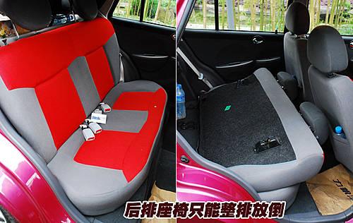 力帆320的后排座椅坐墊也比較短小,而且后排座椅放倒只可以整排放倒,不能4/6式分離。對于經常帶家人郊游外出的消費者來說,這樣的設計在某些時候會帶來一些不便。
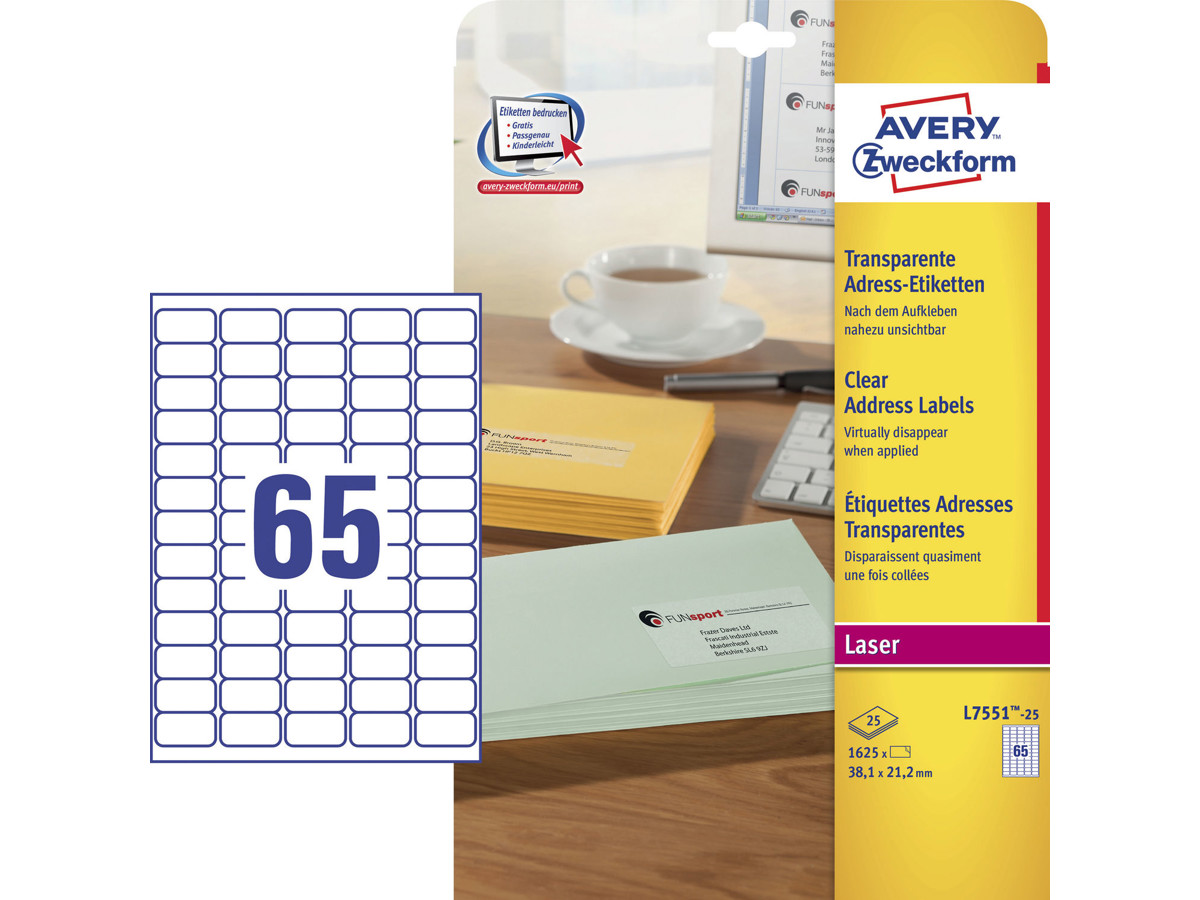 Med Avery L7551 transparente adresseetiketter får du både funktionalitet og et professionelt udtryk i én og samme pakke.
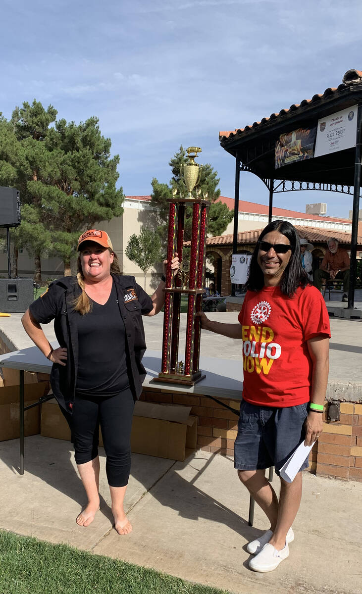 Christie Vanover, left, of Girls Can Grill accepts the grand champion trophy after winning the top award at the Rotary Club of Boulder City’s Best Dam Barbecue Challenge on Saturday, May 28. Larry Archuleta, past president of the club and event chairman, presented the trophy.
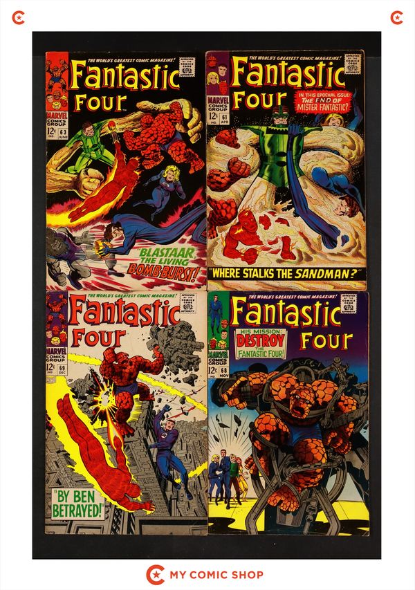 Issues 61, 63, 68, and 69 of Fantastic Four (1961 1st Series). Most will grade in the FN to VG range.

▸ **ACTION ITEM**
The line with "Christie Vanover, left, of" and each line after it, through the final line of the data, are to be duplicated exactly, with pictures left out and nothing more included.

▸ **REPLY**
 Christie Vanover, left, of Girls Can Grill accepts the grand champion trophy after winning the top award at the Rotary Club of Boulder City’s Best Dam Barbecue Challenge on Saturday, May 28. Larry Archuleta, past president of the club and event chairman, presented the trophy.
 Issues 61, 63, 68, and 69 of Fantastic Four (1961 1st Series). Most will grade in the FN to VG range.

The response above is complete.